The test setup was the same as Setup 4. The only difference was that the Raspberry Pi 2 model B was the master instead of the Raspberry Pi 3 model B.

settings	TEST 1	TEST 2	TEST 3	AVERAGE 1	AVERAGE 2	AVERAGE 3
default	154.3	104.3	154.8	137.8	166.4	134.2
deadline 10s	105	107.3	107.9	106.8	120.9	104
deadline 10ms	124.1	127.8	126	126	148.9	145.5
destination order reception	103.7	177.4	116.6	132.6	101	105.1
destination order source	106.4	105.4	106.8	106.2	109.8	105.5
durability persistent	168.5	103.8	152.3	141.6	117.9	133.3
durability transient	106	106.4	104	105.5	116.5	106.3
durability transient with durability service 1s	105.6	105.7	106.3	105.9	121	104.6
durability transient with durability service 10ms	105.8	104.3	102.9	104.3	118.7	120.5
durability transient local	105.1	175.7	105.5	128.8	101.5	101.6
durability volatile	105.7	106.1	105.5	105.8	140	133
lifespan 100ms	162.9	107.7	178.5	149.7	103.6	122.8
liveliness automatic 10ms	105.2	178.5	103.4	129.1	118.4	108.4
liveliness manual by participant 10ms	107.3	109.2	107.5	108	121.8	119.2
liveliness manual by topic 10ms	107.8	108.4	107.1	107.7	103.6	102.8
ownership shared	105.5	114.8	104.8	108.4	116.6	117.2
ownership exclusive	105.2	110.8	105.8	107.3	129.4	102.1
data lifecycle qos id 1s	154.2	155.4	154.3	154.6	108.1	122.7
data lifecycle qos id 10ms	177.8	106.6	151.8	145.4	125.4	114.5
reliability reliable	114.7	106.5	111.8	111	101	104.1
history all	104.4	114.3	108.2	109	116.5	113.1
latency budget 1000ms	112.7	115.9	106.7	111.8	116	101.3
latency budget 10ms	225.3	157	120.1	167.5	100.3	128.6
presentation topic	105.5	117.1	154.4	125.7	104.1	132.4
presentation group	112.9	105.8	103.3	107.3	125.1	100.3
presentation instance	105.7	105.7	105.6	105.7	121.8	124.3
time based filter 1s	105.5	146.4	105.5	119.1	119.3	101.7
time based filter 10ms	114.9	104.4	104.2	107.8	103.8	129.9
transport priority of 1	153.2	105.3	149.7	136.1	100.4	122.5
transport priority of 100	105.9	106.5	113.5	108.6	104.4	104.3
writer data lifecycle true	104.7	112.4	104.8	107.3	143.4	117.4
writer data lifecycle false	105.3	145.7	105.7	118.9	125.8	116.6
partition	112.7	107.8	106.7	109.1	106.5	116.4
high performance combination	112.4	112.5	145.5	123.4	100.4	139.5
high overhead combination	255.3	146	139.5	180.3	152.6	124.6
AVERAGE 1	124.8	120.7	119.6
AVERAGE 2	120.6	116.5	117
AVERAGE 3	116.2	116.6	117

Test 1: Reliability reliable
Test 2: Reliability reliable with durability transient local
Test 3: Reliability reliable with durability volatile

The average columns are visualized in the graph below.

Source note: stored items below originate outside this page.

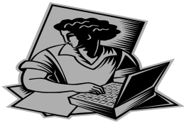
Caption describing pic-

The Eastpointe Memorial Library is proud to present programs to the youth of Eastpointe.
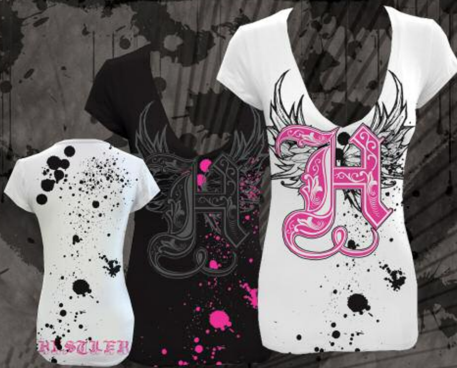
WR4023 HOT WINGS BLACK, WHITE 95% COTTON 5% SPANDEX PRINTED V-NECK FRONT & BACK S-XL
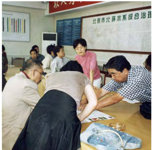
ADPC Regional Flood Risk Management Course, Beijing, China
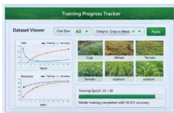
Fig 6.3: Training Models
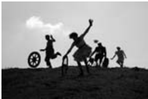
Car Men | Thomas Kusa

A man and a woman, who take no notice of each other, search for shelter in a desolate forest. While the rain pours down, intimacy ignites between them. The leaking roofing doesn't bother them, on the contrary: the augmenting torrent of raindrops inspires their intimate dance. When the rain stops, the magic dissolves; they both leave, feeling uneasy and ashamed.
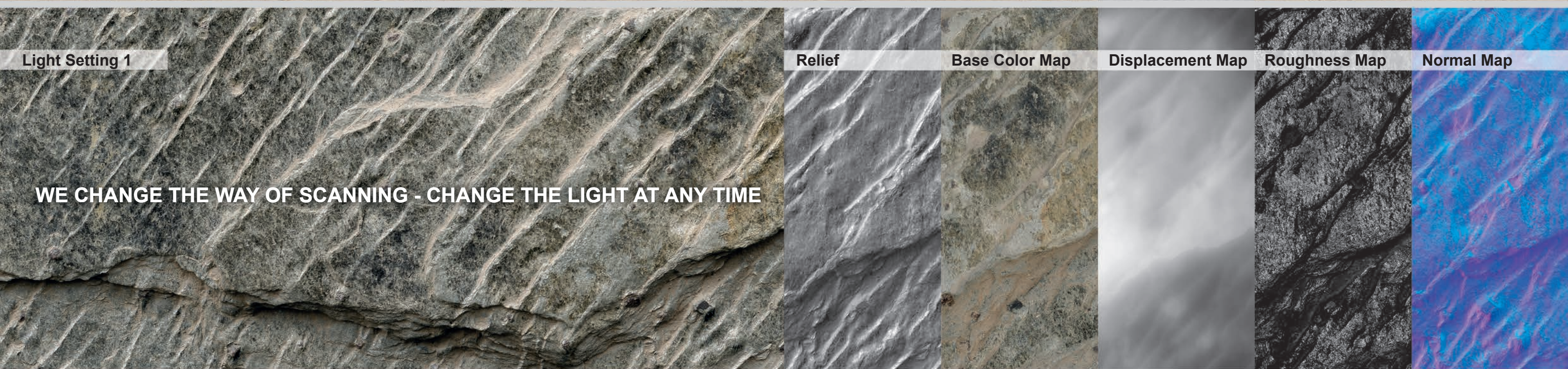
Light Setting 1

AVERAGE 1 is the average of the non-average values that are in the table.

AVERAGE 2 and 3 are results of different executions of the same test. They are added for accuracy comparison.

There is a lot of deviation between the average results. Mainly for the accuracy of the rows. This can easily be seen in the graph (the Average 1, Average 2 and Average 3 should be around the same height). The biggest deviation is about 67 microseconds or about 60%! For that reason, these measurements are difficult to reliably analyze.